|Greenlee, M. Heather West|
Submitted to: Journal of Comparative Pathology
Publication Type: Peer Reviewed Journal
Publication Acceptance Date: 9/10/2007
Publication Date: 1/1/2008
Citation: Smith, J.D., Greenlee, J.J., Hamir, A.N., West Greenlee, M.H. 2008. Retinal cell types are differentially affected in sheep with scrapie. Journal of Comparative Pathology. 138(1):12-22. Interpretive Summary: Scrapie is a naturally occurring fatal disease of sheep and goats affecting the nervous system. After infection, the scrapie agent is known to accumulate in the brain, lymph nodes, and retina, the specialized sensory structure lining the inside of the eye. All current methods of diagnosis for scrapie and related diseases require collection of brain tissue after death of the animal. This study uses special staining techniques to show that accumulation of the agent causing scrapie in sheep is associated with altered staining patterns in certain subtypes of retinal cells. Each cell type in the retina has a specific function and alters ophthalmologic examinations or electrophysiologic tests in predictable ways when damaged. These findings increase the current understanding of how abnormal prion proteins accumulate in the cells of the nervous system (retina), but more importantly suggest that methods of identifying scrapie-affected animals through functional testing of the visual system can be developed.
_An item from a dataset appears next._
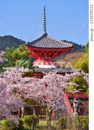 桜咲く大覚寺の大沢池 多宝堂と桜の風景 春の京都観光スポット 京都の桜の名所

Technical Abstract: Transmissible spongiform encephalopathies (TSEs) are a group of fatal neurodegenerative diseases characterized microscopically by spongiform lesions (vacuolation) in the neuropil, neuronal loss, and gliosis. Although it has been suggested that normal neuronal morphology may be altered in TSE cases prior to the appearance of obvious microscopic lesions, evidence of prior subcellular morphological disruption is lacking. The retina offers an accessible, highly organized, rostral extension of the brain with well-characterized cellular phenotypes, making it well suited for studying alterations of cellular morphology and synaptic connectivity in the CNS. Accumulation of PrP**Sc has been demonstrated in the retina of natural and non-natural TSE-affected hosts, with or without evidence of microscopically detectable retinal pathology. To investigate the effect of PrP**Sc accumulation on the morphology of retinal neurons in a natural host, we used immunohistochemistry to examine the distribution of various retinal cell type-specific markers in the retinas of control sheep, and scrapie-affected sheep with varying degrees of retinal PrP**Sc accumulation. In retinas with PrP**Sc-immunoreactivity (-IR), we observed disruption of the normal -IR patterns of the alpha isoform of protein kinase C (PKC-alpha) and vesicular glutamate transporter 1 (VGLUT1), markers of retinal bipolar cells. Altered -IR patterns were also observed for microtubule-associated protein 2 (MAP2), a marker of a subset of retinal ganglion cells, and glutamine synthetase (GS), a marker of Müller glia. These results demonstrate morphologic changes are present in specific cell types in retinas with PrP**Sc accumulation, despite an absence of overt histologic lesions consistent with retinal degeneration.